As for Summit Foods, Plaintiff claims the private food contractor may have had some role in creating the menu for religious meals. Dkt. 8 at 13. However, he alleges no facts demonstrating that Summit Foods or any of its employees (including Defendant Guidry) had any knowledge about his specific need for religious meal accommodations or any personal involvement in the alleged failure to provide those accommodations.
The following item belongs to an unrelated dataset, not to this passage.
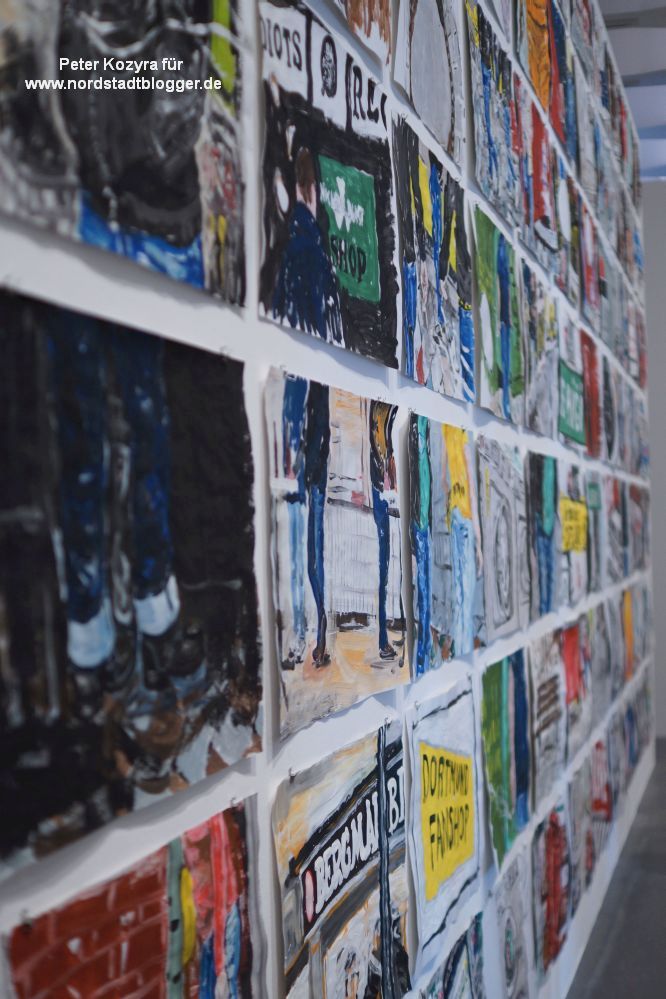 Die Gemälde basieren dabei auf Schnappschüssen, die der Künstler auf seinen Wegen fotografiert hat, während die aufgezeichneten Klänge und Gespräche in verabredeten Field Recordings entstanden sind. Beides ist im Schaufenster des Museum Ostwall für den Besucher zu sehen und zu hören und in der Kombination ein interessanter künstlerischer Einblick.

Therefore, all claims against Summit Foods and Defendant Guidry should be dismissed for failure to cure deficiencies necessary state a cognizable § 1983 claim against them.
IV. CONCLUSION
For the reasons outlined above, the Undersigned recommends Plaintiff's medical privacy claims in Count II and his claims against Defendants Guidry and Summit Foods be DISMISSED without prejudice for failure to cure pleading deficiencies and for failure to state a claim. It is also recommended that Plaintiff's religious accommodation claims brought in Counts III and IV be DISMISSED without prejudice to be refiled in a separate action. Finally, Plaintiff's request for injunctive relief should be DISMISSED as moot. If the District Court agrees with this Report and Recommendation, the Undersigned will, in a separate Order, direct service of Count I of the Second Amended Complaint upon Defendants Kevin Hansen, Randy Newell, Bree Borden, Julia Rice, and Mason County.
Pursuant to 28 U.S.C. § 636(b)(1) and Federal Rule of Civil Procedure 72(b), the parties shall have fourteen (14) days from service of this report to file written objections. See also Fed.R.Civ.P. 6. Failure to file objections will result in a waiver of those objections for purposes of de novo review by the District Judge, see 28 U.S.C. § 636(b)(1)(C), and can result in a waiver of those objections for purposes of appeal. See Thomas v. Arn, 474 U.S. 140, 142 (1985); Miranda v. Anchondo, 684 F.3d 844, 848 (9th Cir. 2012) (citations omitted). Accommodating the time limit imposed by Rule 72(b), the Clerk is directed to set the matter for consideration on April 12, 2024, as noted in the caption.